简体   繁体   English

为什么在SELECT查询中包含XML列会对查询性能产生如此根本的负面影响?

[英]Why does the inclusion of an XML column in a SELECT query have such a radically negative effect on query performance?

I've been struggling with a query performance issue for a few weeks now. 几周来,我一直在努力解决查询性能问题。 At this point I've squeezed absolutely everything out of the query in terms of JOIN types, Indexing, Keeping Statistics up to date, etc... etc... but then I stumbled on something by accident. 在这一点上,我已经从JOIN类型,索引,保持统计信息最新等等方面完全挤出了查询中的所有内容,但是后来我偶然发现了一些东西。

A little background. 一点背景。

The table in question represents a Record 有问题的表代表一条Record

Id INT PK
Name NVARCHAR(50)
Status INT FK 
Created DATETIME
Version NVARCHAR(10)
Data XML

After some performance benchmarking, I realised that the inclusion of the final column in the select far outweighs things like indexing, join complexity & network considerations by somewhere between a factor 10x & 20x. 经过一些性能基准测试后,我意识到选择中的最后一列要比索引,连接复杂性和网络注意事项高出10倍至20倍。
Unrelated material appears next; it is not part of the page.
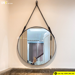 Gương tròn dây da có viền dây da bám sát dọc theo đường viền gương. Thiết kế này không chỉ giúp hạn chế tác động ngoại lực khi gương bị va đập mà còn tạo nên vẻ ngoài tinh tế cho sản phẩm. Phần dây da có các nấc điều chỉnh giống như cấu tạo của dây thắt lưng. Chính vì vậy mà bạn có thể dễ dàng tùy chỉnh chiều dài dây treo theo ý muốn của bản thân.

The following comparisons were done between SSMS on local dev machine connecting to SQL Azure. 在连接到SQL Azure的本地开发机上的SSMS之间进行了以下比较。

SELECT Id FROM Records -- ~10 secs for 300,000 rows
SELECT Id, Name, Status, Created, Version FROM Records -- ~20 sec for 300,000 rows
SELECT * FROM Records -- ~350 sec for 300,000 rows

To be clear, I'm not doing anything crazy with the xml column (XML DML or XPath queries). 需要明确的是,我对xml列(XML DML或XPath查询)没有做任何疯狂的事情。 Just simply including/excluding it from the select. 只是简单地从选择中包括/排除它即可。

At this point, I think I've solved my problem by creating a RecordLight Entity, NHibernate Map & MVC Controller stack, purely for the purposes of searching & listing in our App. 在这一点上,我认为我已经通过创建RecordLight实体,NHibernate Map和MVC Controller堆栈解决了我的问题,纯粹是为了在我们的App中搜索和列出。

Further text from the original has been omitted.